CVNT show me those curls is bred to Double Dog Dare ya for April kids!









CVNT Ice queen was exposed to double dog dare ya for April kids. Not sure if she was bred or not 









3XAB hotter than a 2$ pistol is bred to doubkedog Dare YA. Unknown due date 









3XAB blessings upon princess Sadie exposed to double dog dare YA, unknown due date 









SWGG Jewel bred to double dog dare YA, due March. 









PSM3 is bred to LK7 Double Dog for February kids 









CVNT remember the magic exposed to Double Dog Dare ya for May kids 









JMI Fantasia exposed to Double Dog Dare ya for May kids 









MSJ99 Helen (kid of unio ears) bred to Double Dog Dare ya for March kids 









Unio ears and unio Anna (friends does) exposed to Double Dog Dare ya for January kids









SWGG Fiona exposed to shotgun for December kids 









Hammock haven jade (no picture) exposed to shotgun, unknown due date

Rosie (no picture) exposed to shotgun, unknown due date.

I believe this is everyone, if not then I will add later!


----------



## toth boer goats (Jul 20, 2008)

Very nice.


----------



## Amandanicole (Jun 20, 2014)

Fiona actually kidded yesterday, I just forgot to get pictures of her kids (whoops) 
She had twin Dow's beautiful marked! I'm am also loving her FF udder and I am excited to start milking her!


----------



## toth boer goats (Jul 20, 2008)

Adorable.


----------



## SalteyLove (Jun 18, 2011)

Beautiful Boer herd as always! I can't see to see those amazing weaning weights you always have. But DARN those mini lamanchas are ADORABLE! Did the brown one get gopher ears?!?!


----------



## Amandanicole (Jun 20, 2014)

SalteyLove said:


> Beautiful Boer herd as always! I can't see to see those amazing weaning weights you always have. But DARN those mini lamanchas are ADORABLE! Did the brown one get gopher ears?!?!

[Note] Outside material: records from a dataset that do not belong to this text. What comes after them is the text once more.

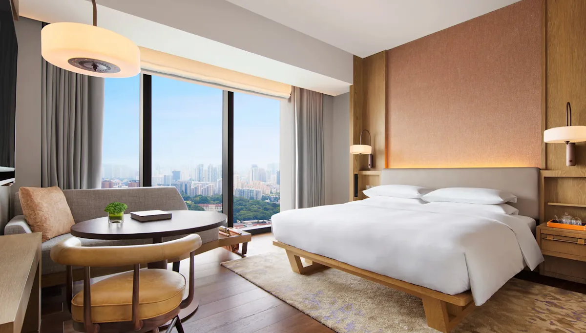 The Andaz Singapore features 342 rooms, including 26 luxurious suites. The standard 409-square-foot Deluxe King rooms are designed with understated earthy hues that create a calming atmosphere. Each room boasts floor-to-ceiling soundproofed glass windows, providing stunning skyline vistas while ensuring a peaceful retreat from the city's hustle and bustle. Thoughtful amenities like a complimentary daily restocked minibar, a Nespresso machine and high-end Christophe Laudamiel bath products further enhance the experience, making each stay both comfortable and indulgent.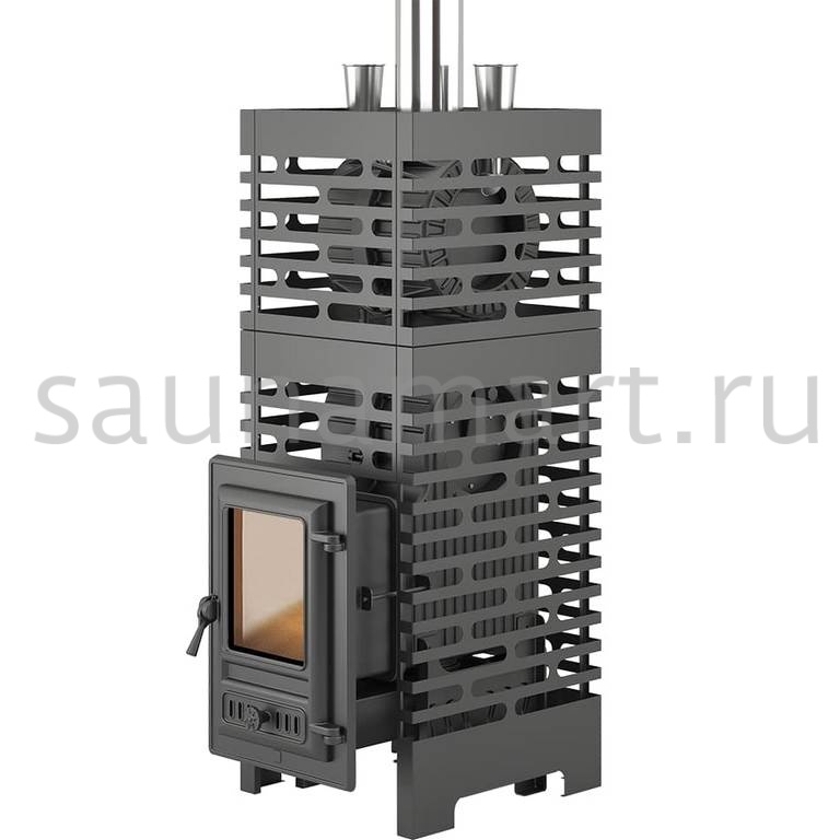 Внешний парообразующий контур представлен сеткой-конвектором, в которую размещается до 120 кг камней для бани. Сетка изготовлена из стали, выполнена в дизайне Астон и окрашена термостойкой краской.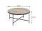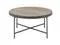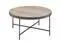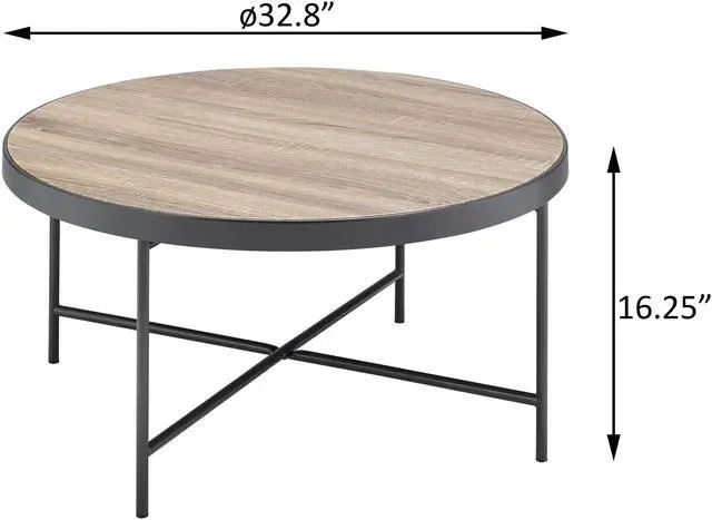 Industrial-style coffee table with a round wooden top and metal trim for a unique aesthetic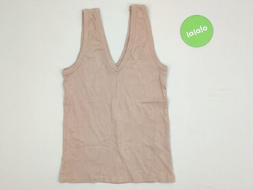 Beżowa koszulka/bezrękawnik damski - Krój: klasyczny top na ramiączkach, okrągły dekolt - Materiał: elastyczna, prążkowana dzianina (miękka, dobrze dopasowuje się do sylwetki; na zdjęciu widać roz...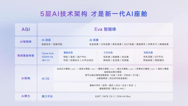 此次发布中,最受关注的是两个 “首个”:可大规模装车的超拟人智能体Eva,以及基于5层AI原生架构打造的新一代座舱操作系统Flyme Auto 2。

The black one has more of the elf ears. Whereas the dark grey one isn't quite a gopher ear (just a little longer) but also doesn't have as much fold as an elf ear. It's going to be interesting to see what it looks like as she ages.


----------



## Amandanicole (Jun 20, 2014)

Amandanicole said:


> The black one has more of the elf ears. Whereas the dark grey one isn't quite a gopher ear (just a little longer) but also doesn't have as much fold as an elf ear. It's going to be interesting to see what it looks like as she ages.
> View attachment 141711


Not sure why it posted both. Lol. Here's the black one.


----------



## ksalvagno (Oct 6, 2009)

Nice herd! Good luck!


----------



## Dwarf Dad (Aug 27, 2017)

Mini lamanchas are adorable. Your Boers are impressive! Will enjoy seeing the kids, too.


----------



## 21goaties (Mar 13, 2018)

Amandanicole said:


> The black one has more of the elf ears. Whereas the dark grey one isn't quite a gopher ear (just a little longer) but also doesn't have as much fold as an elf ear. It's going to be interesting to see what it looks like as she ages.
> View attachment 141711


Oh that lil' face. :inlove:


----------



## toth boer goats (Jul 20, 2008)

Nice.


----------



## Amandanicole (Jun 20, 2014)

Just a little update! No new kids yet, but some are getting close. 
Pinky (red doe bred to dapple buck) is starting to get close! Breeder wasn’t 100% sure what day she was bred so she can kid anytime now. I am crossing my fingers for dapple does from her! 
Lamancha doe is starting to fill back up. I’m thinking she has less then a month till kidding, if her udder is filling up and like it did last year. 
I’m still questionable on a few of my Boer does if they are bred or not. I really need to blood test!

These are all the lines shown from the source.